Figure 3.11: The addition of the print command to enable printing in the console from an R script that is executed using the source( ) function.


Output from source( ) function.

Figure 3.12: Output from source( ) function.


Option 2. You can use RStudio to execute your code. I prefer this method. You can execute your code line by line by putting the cursor on the line number and pressing the run button in the source window until you reach the end of the script.

To run the full script, highlight the entire script and press run. Try it.

For the rest of this course, we will be using R scripts and R Markdown documents (more on that later) rather the console to execute commands in R.

7. Adding comments and documentation

Comments are used to document your code in R and all programming languages. It is best practice to include comments in your code. This ensures that if someone else tries to read your script they can interpret it. This is also to help you interpret your code when you return to it days, weeks or months later. See Figure 3.12 for an example.

The comment character, # tells R to ignore everything written to the right of the #. We use the # for each line we would use for commenting our code. In RStudio, the color of the text will change to indicate that you are writing a comment. In the example below, the commented text is in blue. The R code is in white. The functions and operators are in orange, and the logical data types are in pink.

Try it. Create a script with comments similar to Figure 3.12.

To execute this script, highlight the text and click the run button.

Once you run the script your output should be similar to Figure 3.13. Notice that the comments also printed in the console.
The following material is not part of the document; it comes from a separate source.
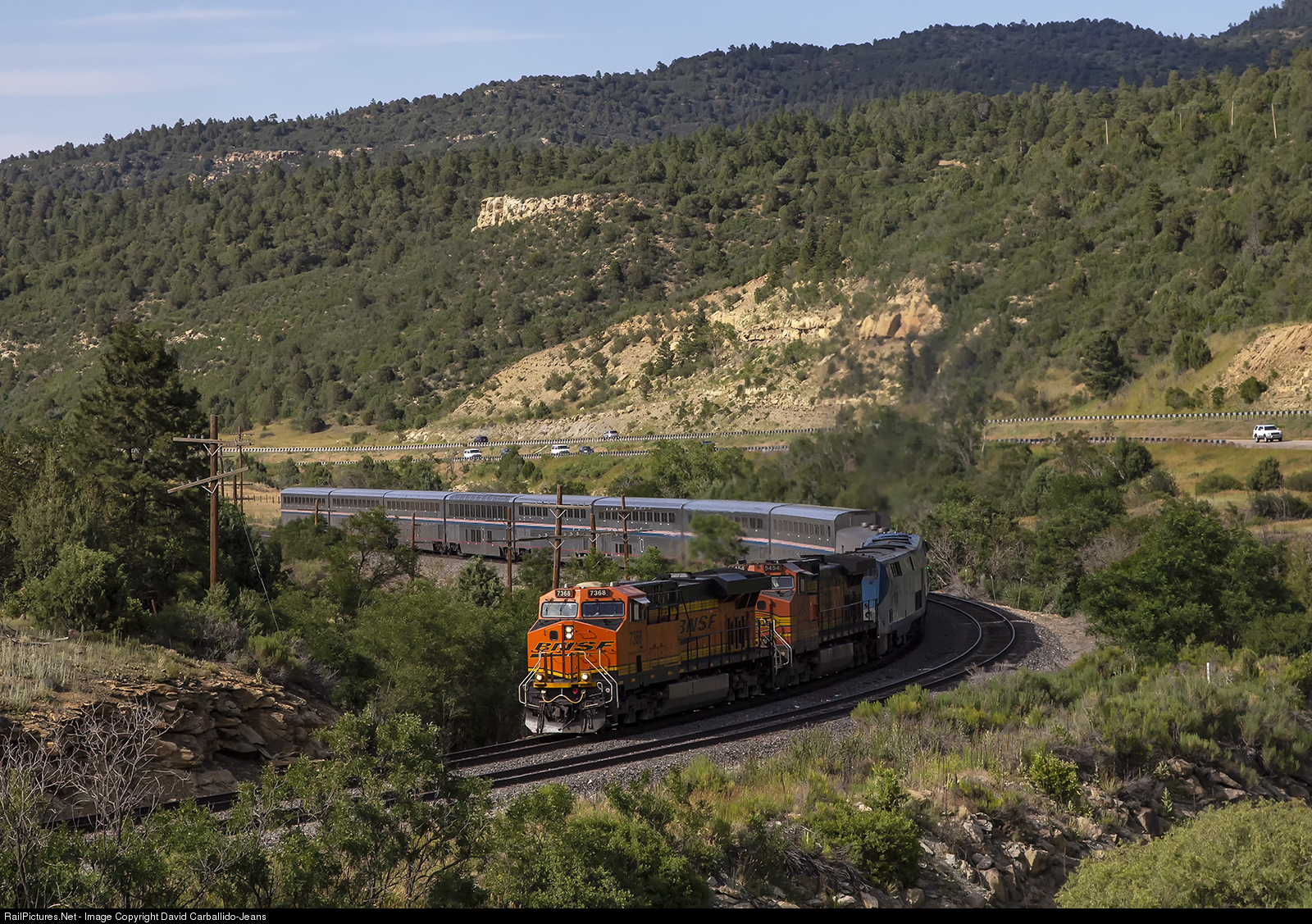After one of Amtrak's P42 motors died, a BNSF motor was added to the point to help the train across its LA trip. Then coming into Dodge City, KS, the BNSF motor died resulting in two BNSF motors leading the train. Here, the "overpowered" Southwest Chief climbs the grade of Raton Pass after performing the station stop in Trinidad, CO.

The output of the R script displayed in the console.

Figure 3.13: The output of the R script displayed in the console.


8. Creating reports

Let’s say you have a dataset that comes in the same format every week, such as a sales report. Wouldn’t it be nice to simply produce a report with every week with a single click, updated with all calculations and visualizations? knitr is an R package that makes it easy to achieve this goal. You can show others what you are doing in R by publishing your code and output to a web page, Word Document, or PDF file.
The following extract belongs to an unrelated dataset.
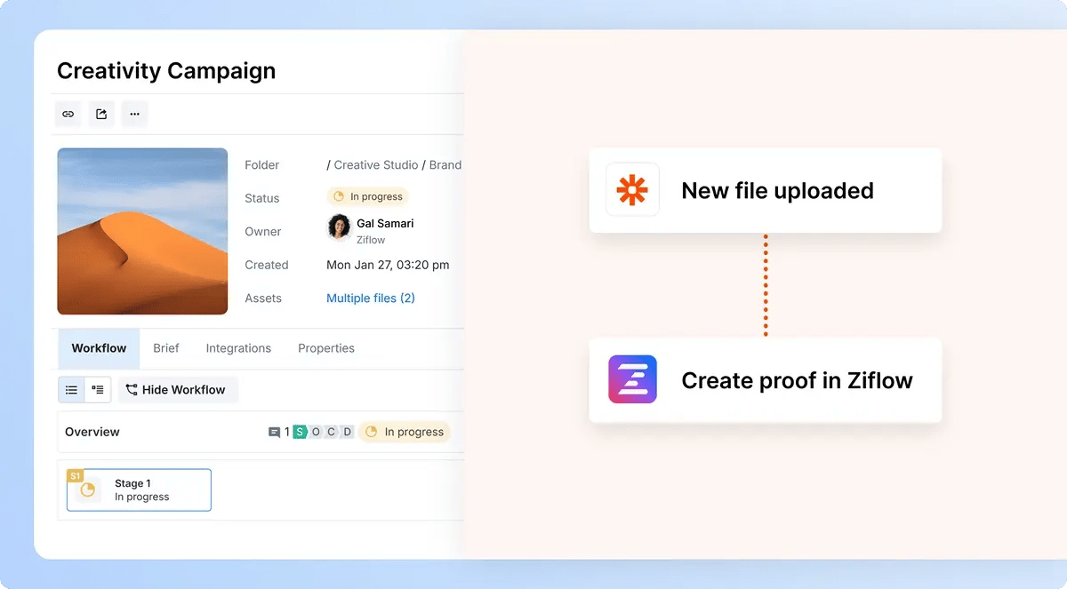 Zapierの強力なローコード自動化機能を使って、Ziflowを数百もの外部アプリと連携させ、繰り返し作業を自動化し、クリエイティブワークフローのあらゆる段階を効率化しましょう。
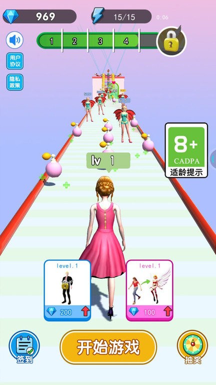 我要当模特3d手机版是一款在游戏中收集服装来走秀的跑酷单创光游戏,能够控制角色进行跑酷冒险,收集各种服装来打造时尚造型,游戏的玩法非常好玩精彩,还需要躲避障碍物,简约风格游戏画面,无限趣味性,喜欢玩就来试试吧!

As an aside - We won’t be covering it here, but LaTeX is a very powerful, open source package, capable of consistently formatting very complex text, such as equations for professional publication. If you want to use knitr to create a PDF document, you will need LaTeX installed.

To create dynamic reports, follow along with the instructions below.

a. Install knitr

Begin by installing the knitr package along with any identified dependencies in RStudio.

b. Modify your RScript

Working with your sidewalk_cafes_script.R add a simple box plot using the code on line 14.
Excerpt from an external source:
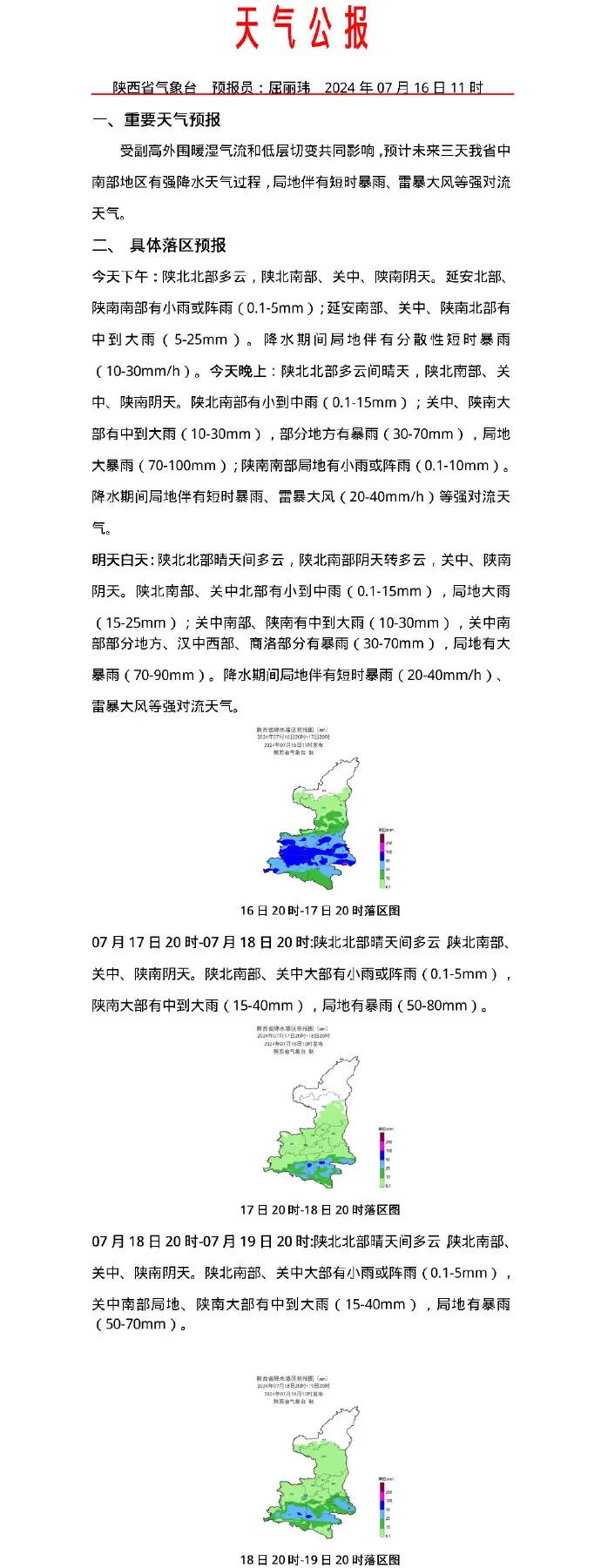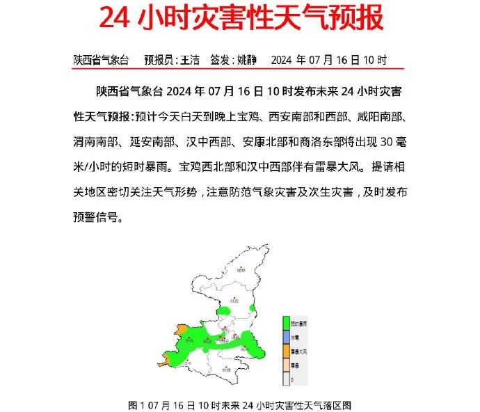 陕西省气象台2024年07月16日10时发布未来24小时灾害性天气预报:预计今天白天到晚上宝鸡、西安南部和西部、咸阳南部、渭南南部、延安南部、汉中西部、安康北部和商洛东部将出现30毫米/小时的短时暴雨。宝鸡西北部和汉中西部伴有雷暴大风。提请相关地区密切关注天气形势,注意防范气象灾害及次生灾害,及时发布预警信号。

The sidewalk example 01.R file

Figure 3.14: The sidewalk example 01.R file


c. Create a MS Word document from your R script

Click on the “Compile Report” button (You can also chose the “Compile Report” command from the File menu).

You will be presented with a menu to chose your output format (HTML, Word, or PDF. If you chose PDF, you will need to have a specific version of LaTeX installed depending on your operating system, the error message in the console will tell you which version you would need. For now, let’s choose MS Word.

Below, is the compiled notebook from the RScript. This format makes it easy to add explanatory notes. The plot is also created and included. Notice that the output of each command is denoted with ## interspersed with the R code. That is helpful since any line that begins with # is treated as a comment. So anyone who wants to run the code can copy and paste then entire block of text, including the output into the console, and it the code will be executed, but the old output will be ignored.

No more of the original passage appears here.